Preprocessing data with pandas data frame is daily job for data scientist. This tutorial inspired from [this]("https://www.shanelynn.ie/select-pandas-dataframe-rows-and-columns-using-iloc-loc-and-ix/") and [that]("https://chrisalbon.com/") with self-educated purpose. It is   other lesson from Example_useful pandas data frame methods notebook.  For these explorations we’ll need some sample data, the uk-500 sample data set from www.briandunning.com. This data contains artificial names, addresses, companies and phone numbers for fictitious UK characters. 

In [17]:
import pandas as pd
import random
 
# read the data from the downloaded CSV file.
data = pd.read_csv('https://s3-eu-west-1.amazonaws.com/shanebucket/downloads/uk-500.csv')
# set a numeric id for use as an index for examples.
data['id'] = [random.randint(0,1000) for x in range(data.shape[0])]
 
data.head(5)

Unnamed: 0,first_name,last_name,company_name,address,city,county,postal,phone1,phone2,email,web,id
0,Aleshia,Tomkiewicz,Alan D Rosenburg Cpa Pc,14 Taylor St,St. Stephens Ward,Kent,CT2 7PP,01835-703597,01944-369967,atomkiewicz@hotmail.com,http://www.alandrosenburgcpapc.co.uk,738
1,Evan,Zigomalas,Cap Gemini America,5 Binney St,Abbey Ward,Buckinghamshire,HP11 2AX,01937-864715,01714-737668,evan.zigomalas@gmail.com,http://www.capgeminiamerica.co.uk,534
2,France,Andrade,"Elliott, John W Esq",8 Moor Place,East Southbourne and Tuckton W,Bournemouth,BH6 3BE,01347-368222,01935-821636,france.andrade@hotmail.com,http://www.elliottjohnwesq.co.uk,229
3,Ulysses,Mcwalters,"Mcmahan, Ben L",505 Exeter Rd,Hawerby cum Beesby,Lincolnshire,DN36 5RP,01912-771311,01302-601380,ulysses@hotmail.com,http://www.mcmahanbenl.co.uk,206
4,Tyisha,Veness,Champagne Room,5396 Forth Street,Greets Green and Lyng Ward,West Midlands,B70 9DT,01547-429341,01290-367248,tyisha.veness@hotmail.com,http://www.champagneroom.co.uk,665


## 1. Selecting pandas data using “iloc”

In [18]:
# Multiple row and column selections using iloc and DataFrame
data.iloc[0:5] # first five rows of dataframe
data.iloc[:, 0:2] # first two columns of data frame with all rows

# Multiple column selections using iloc and DataFrame
data.iloc[[0,3,6,24], [0,5,6]] # 1st, 4th, 7th, 25th row + 1st 6th 7th columns.
data.iloc[0:5, 5:8] # first 5 rows and 5th, 6th, 7th columns of data frame (county -> phone1).

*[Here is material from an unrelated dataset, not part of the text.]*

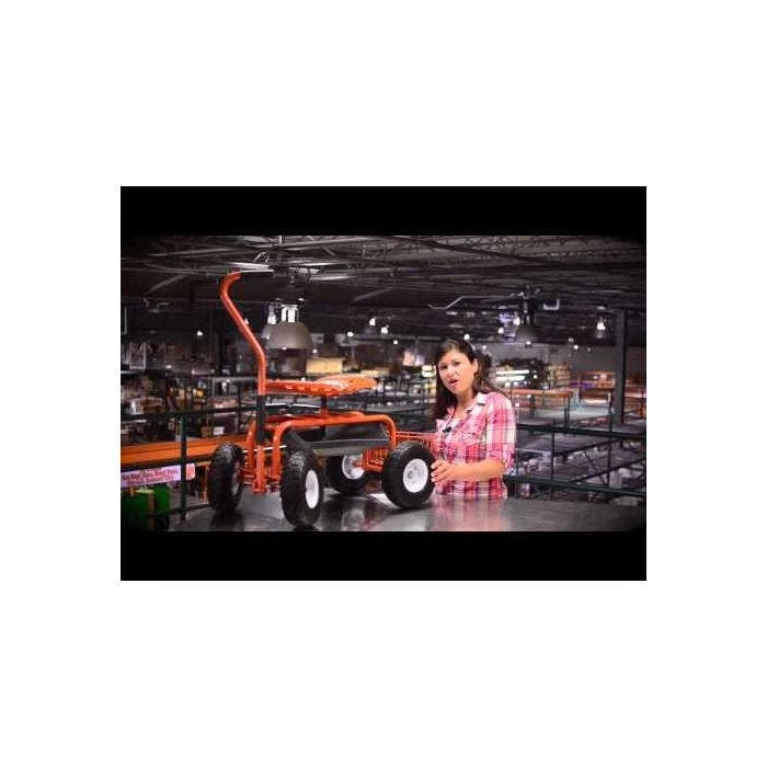 The Leonard Garden Scoot features a welded 1 inch steel tube frame, a large storage basket and an under-seat polyethylene tray. It eliminates the strain caused by kneeling, squatting, and stooping and simplifies even the most tedious tasks. It also smoothly operates on nearly any surface, with flat-free tires that never go flat or lose pressure. The product width is 32 inches excluding handles and basket, handle width is 30 inches, and the overall weight is 35 3/10 pounds.

Unnamed: 0,county,postal,phone1
0,Kent,CT2 7PP,01835-703597
1,Buckinghamshire,HP11 2AX,01937-864715
2,Bournemouth,BH6 3BE,01347-368222
3,Lincolnshire,DN36 5RP,01912-771311
4,West Midlands,B70 9DT,01547-429341


** Multiple columns and rows can be selected together using the .iloc indexer.**

In [19]:
# Multiple row and column selections using iloc and DataFrame
data.iloc[0:5] # first five rows of dataframe
data.iloc[:, 0:2] # first two columns of data frame with all rows
data.iloc[[0,3,6,24], [0,5,6]] # 1st, 4th, 7th, 25th row + 1st 6th 7th columns.
data.iloc[0:5, 5:8] # first 5 rows and 5th, 6th, 7th columns of data frame (county -> phone1).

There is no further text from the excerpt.